Avant de partir, Alexander me lance ce regard appuyé auquel je suis habitué et pose un baiser sur ma tempe.


-          Min Kaere (ma chérie) me murmura-t-il à l’oreille en danois, je ne serais pas long. Sois sage.

-          Je n’ai pas envie de rester, je déteste cette fête, répliquai-je, amèrement.

-          Fais un petit effort, ok? Je dois traiter d’une ou deux affaires.

Sa main glissa de mon dos à mes hanches et mes fesses. Son regard et sa voix sont vibrants de sensualité.

-          Nous rentrerons ensuite et je te ferais l’amour.

Qu'est-ce que je fous dans cet endroit? 


Je croise mon reflet dans le miroir au milieu d'un immense vestibule au plancher de marbre. Je suis différente. Éva est là, mais ce n'est pas Éva. Ce n'est plus Éva.

Éva est morte la nuit du feu. Son cœur doit être quelque part dans la maison, enterré au milieu des cendres.

 

Cinq mois ont passé depuis la nuit du feu. 

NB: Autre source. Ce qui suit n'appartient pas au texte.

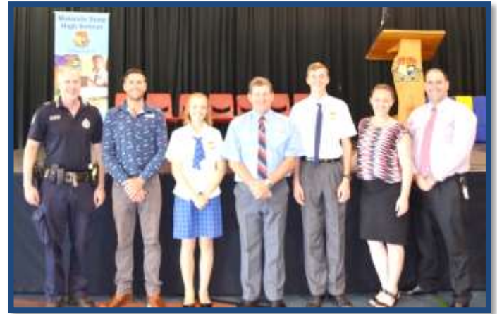
Special Guests at the Induction Ceremony

Je n’ai plus de parents, ma mère reste enfermée chez les fous, mon père n’a pas donné signe de vie, même pour régler les histoires avec les assurances. Je n’avais plus de maison non plus, je n’ai même plus de frères. Taher a disparu. On ne sait plus où il se cache, s’il a quitté le pays ou s’il est terré chez des amis, honteux, en attendant que la tempête passe. Ousmane, est parti en désintox à Accra, au Ghana. Il y a un centre là bas pour aider les personnes aux prises avec des problèmes de dépendance. Il veut se reprendre en main et vaincre sa dépendance à l’alcool. C’est la bonne nouvelle au milieu du chaos.

 Une partie de ma vie a basculé. 
 Je porte cette robe que Xander a choisie; la robe moule voluptueusement mes formes, dévoile mes jambes vertigineuses. Sa couleur rouge met en valeur le caramel de ma peau. Je suis juchée sur des escarpins dorés. Je pense être quelque part entre l'élégance et la vulgarité. Et, Ça m'est bien égal. 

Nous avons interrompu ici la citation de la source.